(Beginning of Task inputs)

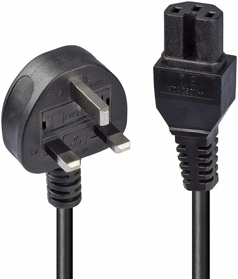 2M UK Mains 3 Pin Plug to IEC C15 Power Cable / Hot Conditioned Kettle Lead, Bla
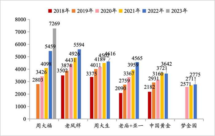 2018-2023年,市場TOP5占有率從18.6%持續(xù)攀升至29.5%。尤其是疫情三年,不少中小珠寶商倒閉,加劇了市場“大魚吃小魚”的現(xiàn)狀。
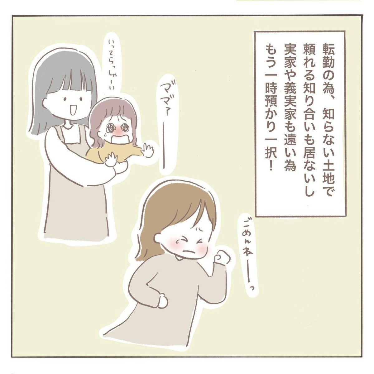 不妊治療専門の病院では「子連れ禁止」が当たり前のようです。周りに頼れる人がいないcoromoさんは、一時預かりに頼るしかありません。ママと離れるのが寂しくて泣く娘を背に、coromoさんはクリニックへ向かいます。
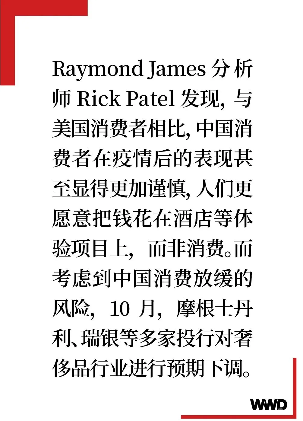 但值得指出的是,尽管疫情后全球各地迎来大量游客的回归,旅游消费已发生很大的变化,Raymond James 分析师 Rick Patel 发现,与美国消费者相比,中国消费者在疫情后的表现甚至显得更加谨慎,人们更愿意把钱花在酒店等体验项目上,而非消费。而考虑到中国消费放缓的风险,10月,摩根士丹利、瑞银等多家投行对奢侈品行业进行预期下调。
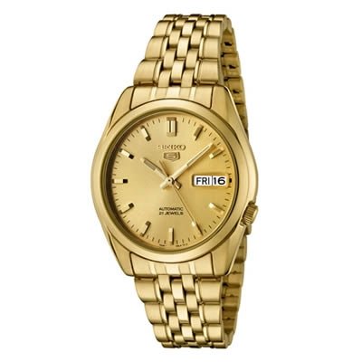 -. Binding : Watch -. Brand : Seiko Watches -. Color : Gold -. Department : mens -. EAN : 4900969894077 -. Feature : Precise 21-jewel Japanese- Automatic movement: functions without a battery; powers automatically with the movement of your arm / Durable mineral hardlex crystal: brushed and polished gold-tone stainless steel case and bracelet / Day function in english and spanish: date function / Gold textured logo dial with gold-tone hands and hour markers; luminous; exhibition case back / Water resistant to 99 feet (30 M) -. Label : Seiko -. Manufacturer : Seiko -. Model : SNK366K -. MPN : SNK366K -. PackageQuantity : 1 -. PartNumber : SNK366K -. ProductGroup : Watch -. ProductTypeName : WATCH -. Publisher : Seiko -. Studio : Seiko -. Title : Seiko Men's SNK366K Seiko 5 Automatic Gold Dial Gold-Tone Stainless Steel Watch
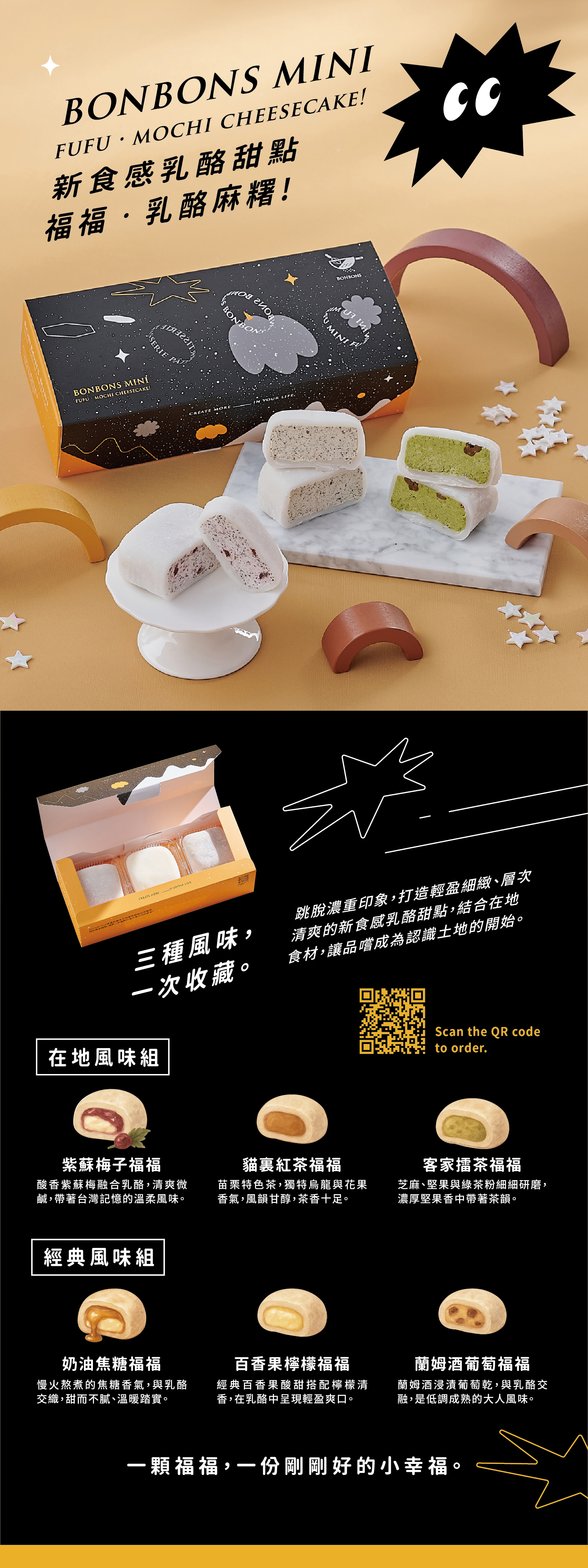 • 經典款福福(焦糖奶油、蘭姆酒葡萄、百香檸檬)
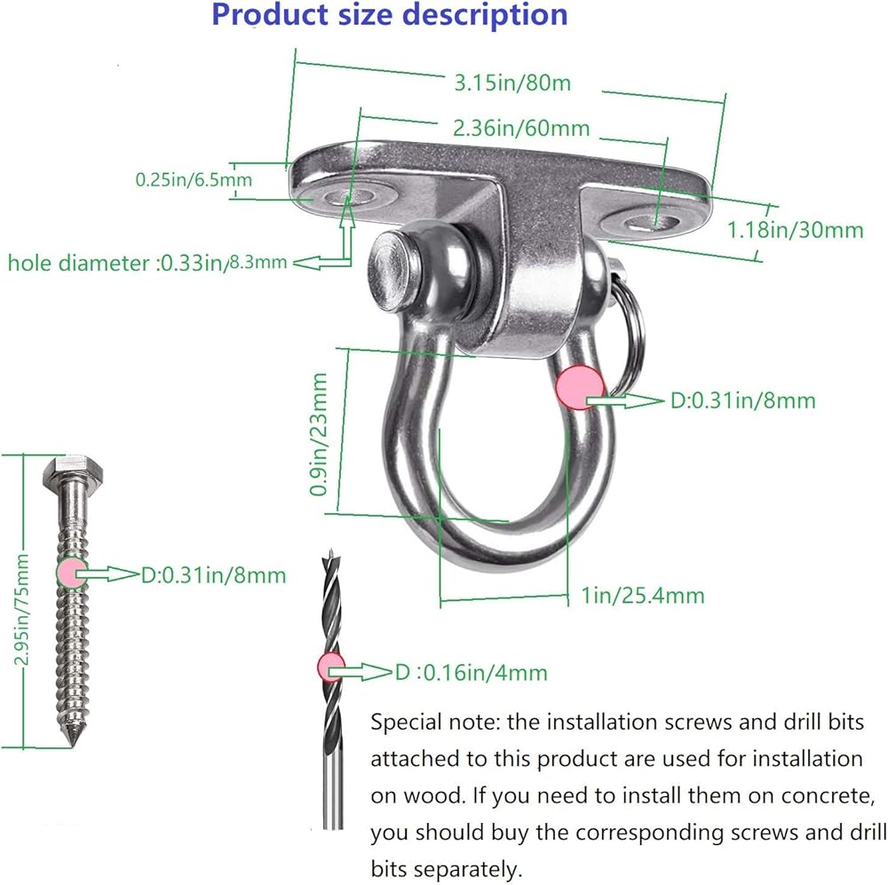 ✔متعددة الأغراض: مادة من الفولاذ المقاوم للصدأ، لا تصدأ أبدًا، ويمكن استخدامها في الداخل أو الخارج: بما في ذلك أرجوحة الشرفة، أو الأرجوحة، أو أرجوحة الغابة، أو الشماعة، أو كرسي اللياقة البدنية، أو حقيبة الرمل، أو الرقص الهوائي، أو كرسي الأطفال، أو شبكة زاوية التأرجح، أو الدوران، أو أي دوران مستقر، يمكن أن يمنع بشكل فعال تشويه السلسلة أو الحبل.

(End of Task inputs)

> [What the exercise asks] With the pictures omitted, set down each line exactly, starting at the first line of the records above and ending with the line that contains "不妊治療専門の病院では「子連".

> [Output]
 2M UK Mains 3 Pin Plug to IEC C15 Power Cable / Hot Conditioned Kettle Lead, Bla
 2018-2023年,市場TOP5占有率從18.6%持續(xù)攀升至29.5%。尤其是疫情三年,不少中小珠寶商倒閉,加劇了市場“大魚吃小魚”的現(xiàn)狀。
 不妊治療専門の病院では「子連れ禁止」が当たり前のようです。周りに頼れる人がいないcoromoさんは、一時預かりに頼るしかありません。ママと離れるのが寂しくて泣く娘を背に、coromoさんはクリニックへ向かいます。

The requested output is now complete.